Task statement | In this exercise, print only the lines from the line with "另外,對(duì)于V80、" to the last line of the data below, inclusive. Any pictures should be left out.

Dataset items
↓↓↓

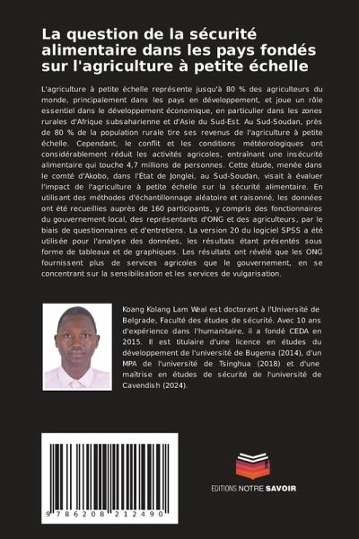 L'agriculture à petite échelle représente jusqu'à 80 % des agriculteurs du monde, principalement dans les pays en développement, et joue un rôle essentiel dans le développement économique, en particulier dans les zones rurales d'Afrique subsaharienne et d'Asie du Sud-Est. Au Sud-Soudan, près de 80 % de la population rurale tire ses revenus de l'agriculture à petite échelle. Cependant, le conflit et les conditions météorologiques ont considérablement réduit les activités agricoles, entraînant une insécurité alimentaire qui touche 4,7 millions de personnes. Cette étude, menée dans le comté d'Akobo, dans l'État de Jonglei, au Sud-Soudan, visait à évaluer l'impact de l'agriculture à petite échelle sur la sécurité alimentaire. En utilisant des méthodes d'échantillonnage aléatoire et raisonné, les données ont été recueillies auprès de 160 participants, y compris des fonctionnaires du gouvernement local, des représentants d'ONG et des agriculteurs, par le biais de questionnaires et d'entretiens. La version 20 du logiciel SPSS a été utilisée pour l'analyse des données, les résultats étant présentés sous forme de tableaux et de graphiques. Les résultats ont révélé que les ONG fournissent plus de services agricoles que le gouvernement, en se concentrant sur la sensibilisation et les services de vulgarisation.
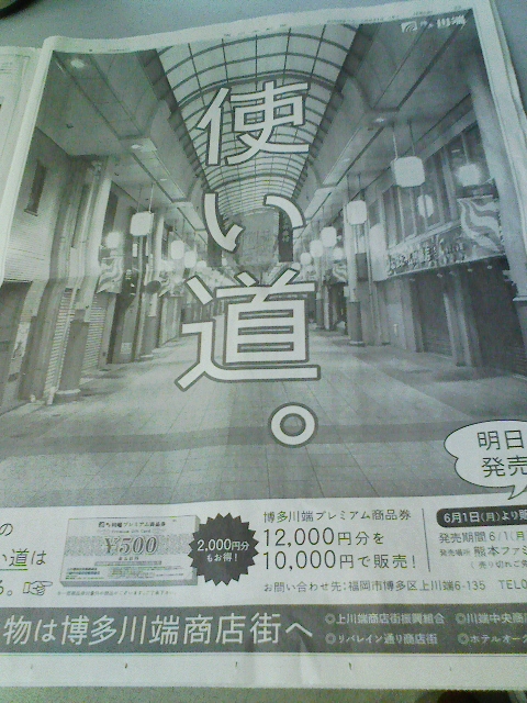 定額給付金に便乗して、博多区中洲にある川端商店街で12,000円分のプレミアム商品券を10,000円で販売するという内容だった。
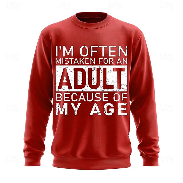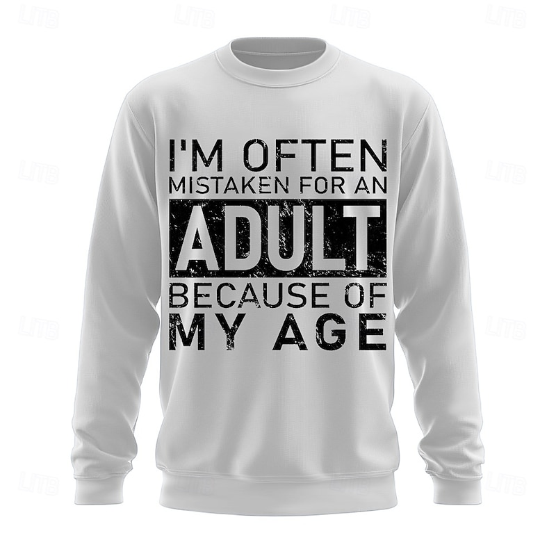 Men's Long Sleeve Graphic Sweatshirt: Funny Adult Age Pun 'I'm Often Mistaken For An Adult Because Of My Age' 3
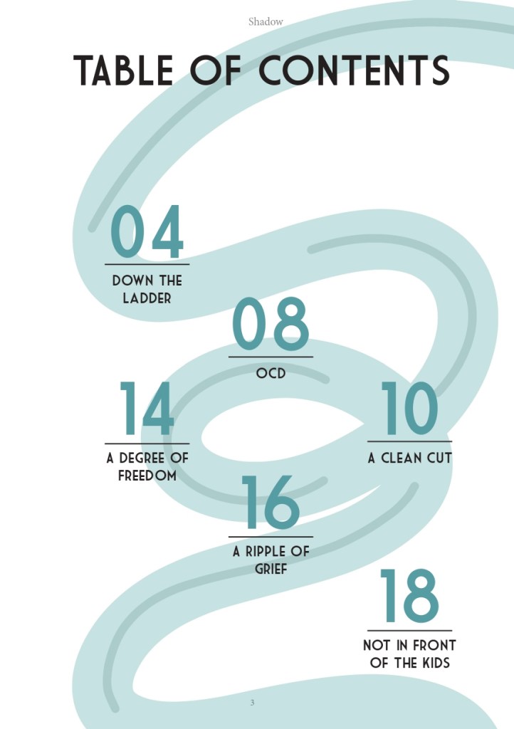 Initially I’d created a standard ‘table’ of contents, but then I thought, as long as the reader knows where a chapter begins, why should the the format bother? So I made a random whimsical line along a page, and placed page numbers in bold on that with the chapter names. This then became my absolute favourite page, besides the cover, of course.
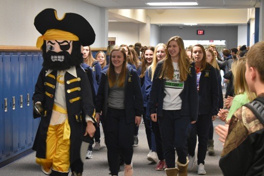 Crookston High School held a sendoff for the Crookston Pirate Girls Basketball team at the end of the school day as the girls get ready to take on the Roseau Rams in tonight’s Section 8AA Championship game at the University of Minnesota Crookston. KROX will have the game on the radio, online by clicking on listen live at the top/right of the website, on the KROX app, or Alexa. (Alexa, listen to KROX in Crookston)
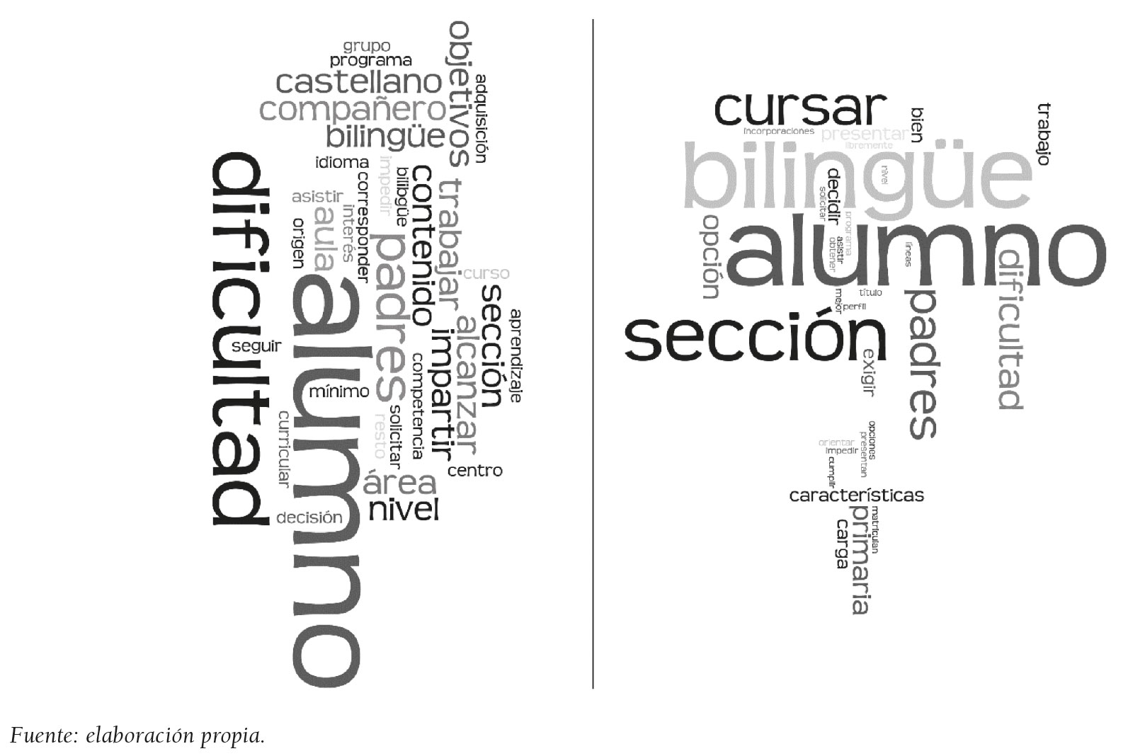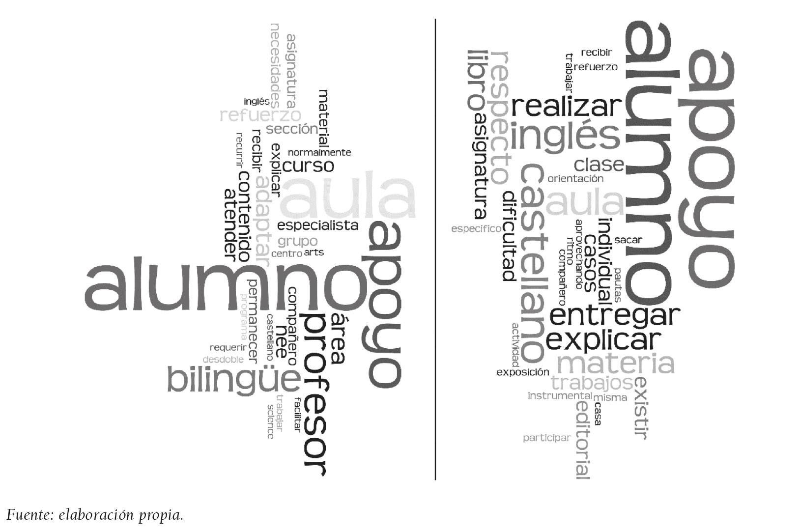 Las cuestiones cualitativas se estudiaron a partir de un análisis de contenido. De cara al estudio inicial sobre las frecuencias de palabras, a fin de evitar interpretaciones sesgadas, se llevó a cabo un filtrado de la información textual, homogeneizando los términos: los verbos fueron colocados previamente en forma infinitiva, los sustantivos en forma singular, etc. En paralelo, para facilitar un estudio de categorías incluidas en el discurso, se realizó un análisis inductivo del texto a partir del cual se extrajeron nueve grandes categorías en los discursos, cinco en el ámbito de los apoyos que se proveen al alumnado con NEAE para facilitar su inclusión en los programas bilingües y cuatro sobre los motivos que llevan a excluir a estos alumnos de las secciones bilingües. Las categorías resultantes fueron las siguientes:
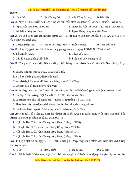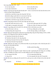 ớ ngoặt vĩ đại trong l c ị h s c ử ách m ng ạ Vi t ệ Nam. Câu 29: H i ộ nghị đ u ầ tiên xác đ nh ị l i ạ nhi m ệ vụ chi n ế lư c ợ c a ủ cách m ng ạ Vi t ệ Nam theo tinh th n ầ Cư ng l ơ ĩnh chính tr đ ị ầu tiên c a ủ Đ ng (1930) l ả à A. H i ộ ngh Ba ị n Chấp hành Trung ư ng Đ ơ ảng (tháng 11/1939). B. H i ộ ngh Ba ị n Chấp hành Trung ư ng ơ Đ ng (t ả háng 7/1936). C. H i ộ ngh Ba ị n Chấp hành Trung ư ng Đ ơ ảng (tháng 5/1941). D. H i ộ ngh Ba ị n Chấp hành Trung ư ng Đ ơ ảng (tháng 11/1940). Câu 30: Hi p ệ đ nh
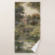 Tableau vintage d'une scène botanique de cygnes nageant dans l'eau dans un jardin anglais avec nénuphars, ponts et nombreuses fleurs exotiques
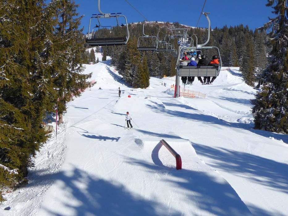 The Hans im Glück ski course is located below the 10-seater Hans im Glück gondola in Hochsöll. During the day and night skiing, the park offers plenty of fun for beginners. Two lines with exciting jumps, boxes, curves, tunnels, and overpasses delight both young and old.
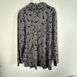Chico's Womens Gray/Black Floral Print Cowl Neck Long Sleeve Top Size 3 Stretch
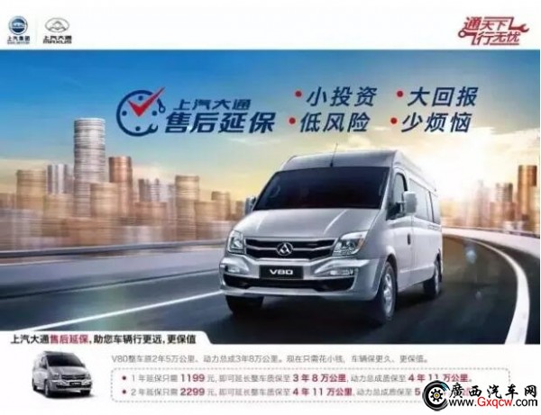 另外,對(duì)于V80、G10系列車型,上汽大通均提供了具有業(yè)內(nèi)**的售后服務(wù)保障方案,其中V80的3年8萬(wàn)公里動(dòng)力總成保修及2年5萬(wàn)公里整車保修承諾更是業(yè)內(nèi)**,樹(shù)立行業(yè)標(biāo)桿。另外,自2015年底開(kāi)始,上汽大通針對(duì)V80系列產(chǎn)品提供了1年3萬(wàn)公里或2年6萬(wàn)公里兩種原廠延保方案,這成為寬體輕客行業(yè)內(nèi)涉及零件范圍最廣以及質(zhì)保期限超長(zhǎng)的質(zhì)保承諾。
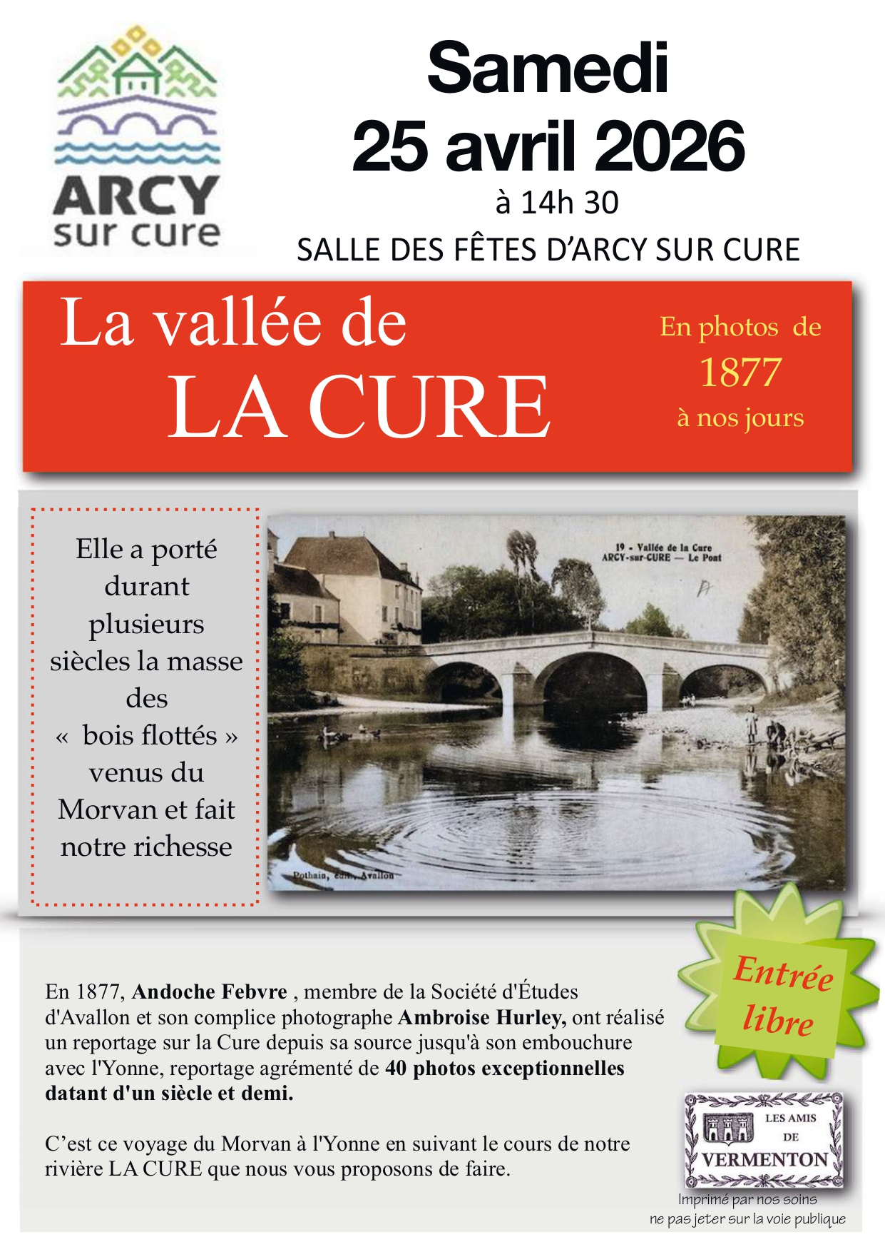 La Mairie d'Arcy-sur-Cure accueille M. Jean-Claude Ferlet de l'Association des Amis de Vermenton. Nous vous proposons une présentation inédite de la vallée de la Cure, agrémentée de photos de 1877 à nos jours. En 1877, Andoche Febvre, membre de la Société d'Études d'Avallon et son complice photographe Ambroise Hurley, ont réalisé un reportage sur la Cure depuis sa source jusqu'à son embouchure avec l'Yonne, reportage agrémenté de 40 photos exceptionnelles datant d'un siècle et demi. C’est ce voyage du Morvan à l'Yonne en suivant le cours de notre rivière LA CURE que nous vous proposons de faire.

↑↑↑

Answer to the exercise |
 另外,對(duì)于V80、G10系列車型,上汽大通均提供了具有業(yè)內(nèi)**的售后服務(wù)保障方案,其中V80的3年8萬(wàn)公里動(dòng)力總成保修及2年5萬(wàn)公里整車保修承諾更是業(yè)內(nèi)**,樹(shù)立行業(yè)標(biāo)桿。另外,自2015年底開(kāi)始,上汽大通針對(duì)V80系列產(chǎn)品提供了1年3萬(wàn)公里或2年6萬(wàn)公里兩種原廠延保方案,這成為寬體輕客行業(yè)內(nèi)涉及零件范圍最廣以及質(zhì)保期限超長(zhǎng)的質(zhì)保承諾。
 La Mairie d'Arcy-sur-Cure accueille M. Jean-Claude Ferlet de l'Association des Amis de Vermenton. Nous vous proposons une présentation inédite de la vallée de la Cure, agrémentée de photos de 1877 à nos jours. En 1877, Andoche Febvre, membre de la Société d'Études d'Avallon et son complice photographe Ambroise Hurley, ont réalisé un reportage sur la Cure depuis sa source jusqu'à son embouchure avec l'Yonne, reportage agrémenté de 40 photos exceptionnelles datant d'un siècle et demi. C’est ce voyage du Morvan à l'Yonne en suivant le cours de notre rivière LA CURE que nous vous proposons de faire.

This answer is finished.